Huge amounts of preservatives and packing material had to be brought from Cairo—along with a solid steel door. A laboratory needed to be set up in a neighboring tomb, a photographic record made, and a darkroom established in an empty tomb nearby; draftsmen were necessary to work on a careful plan to scale—a team had to be put together, a chemist found, an engineer, a photographer, and so on, before Carter could take the first steps in clearing the tomb. (The New York Metropolitan Museum of Art, excavating nearby, stepped in right away with generous offers of help.)

But if Carter was in the middle of an archaeological crisis, he was also engulfed by a political one. From day one of the tomb’s discovery, nationalists raised the cry: Everything must remain in Egypt! The struggle for independence was at its height now, after World War I, with assassinations, demonstrations, strikes, and the like. British gentlemen could be seen checking their guns as they entered the Gezira Sporting Club—it was unsafe even in Cairo for them to go about unarmed. If the foreign crowds gathered above the tomb oohed and aahed the overnight celebrities being brought up the tomb’s sixteen steps—Anubis, Isis, & Co.—the nationalists claimed the gilded images as their own. These treasures became the symbol of Egypt’s reawakening.

The nationalists’ demands were echoed by the new director of the Antiquities Service, Pierre Lacau, who also wanted the tomb’s contents to remain in Egypt, though for reasons of his own. He called for an end to the old rule of “partage,” or division. A scattering of Egypt’s treasures on the art markets and in private collections impeded scientific study, he claimed with some justice.
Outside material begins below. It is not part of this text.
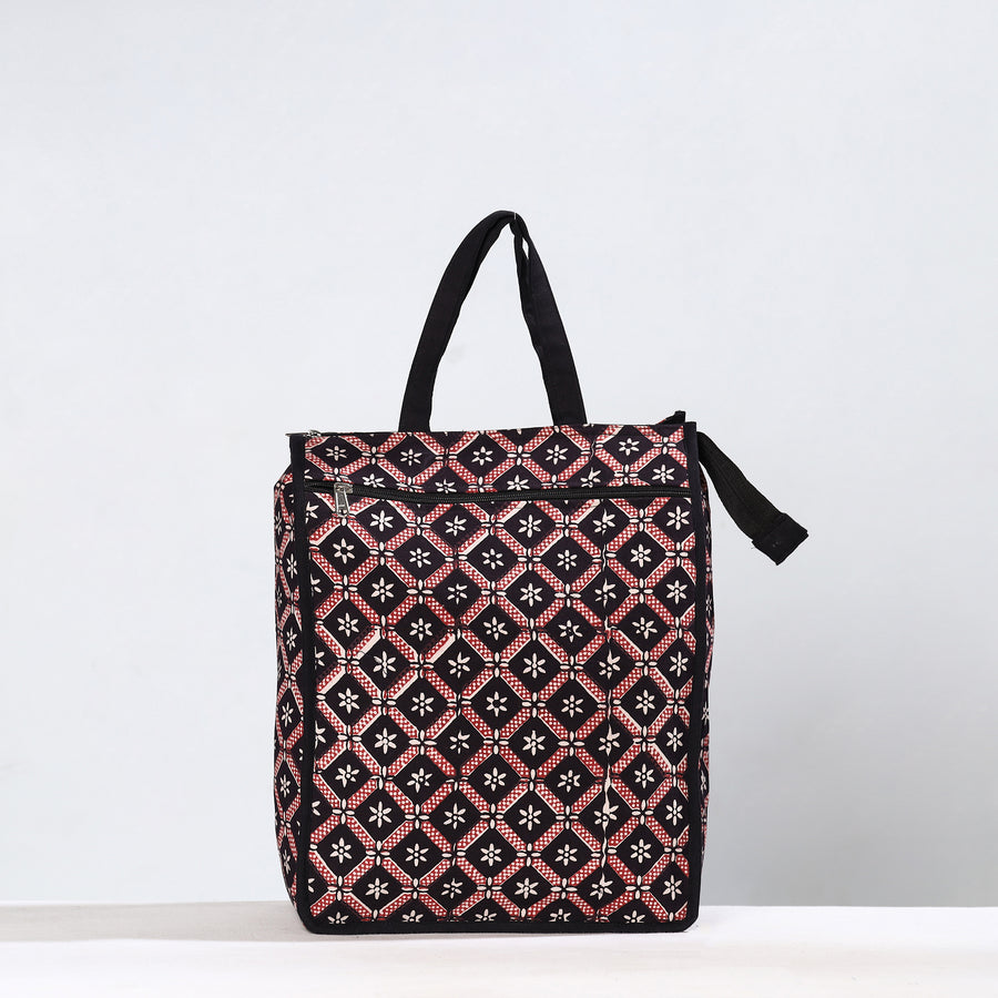 Enhance your shopping routine with our black handmade bagh block printed cotton shopping bag. Crafted from premium cotton, it seamlessly blends durability and style. The spacious design accommodates daily essentials, making it a versatile accessory. Textured with handmade textiles from India, this bag serves practical purposes and also showcases artisanal craftsmanship.

But his motives were mixed, with jealousy and ambition playing their part in his intrigues against Carter.

He was quick to use a legal argument against the excavators: The contents of an intact royal tomb belonged entirely to the Egyptian government, according to the never before invoked terms of Carnarvon’s concession. Carnarvon pointed out that Tut’s tomb had been robbed in antiquity and thus was not intact. “Rifled” was a better word for it, Lacau countered. True, unguents, perfumes, and jewelry had been stolen—but Tut’s mummy had been left undisturbed, Lacau insisted.

From the beginning, this fact had been more or less certain. At the grand opening of the burial chamber, a huge gilded wooden shrine was seen to take up most of the room. When its doors were slowly folded back, the seals on a second, inner shrine were found intact. As it turned out, there were four gilded shrines covering the royal sarcophagus, and as soon as the unbroken seals on the second shrine were noted, it was understood that the body of the boy-king had not been touched.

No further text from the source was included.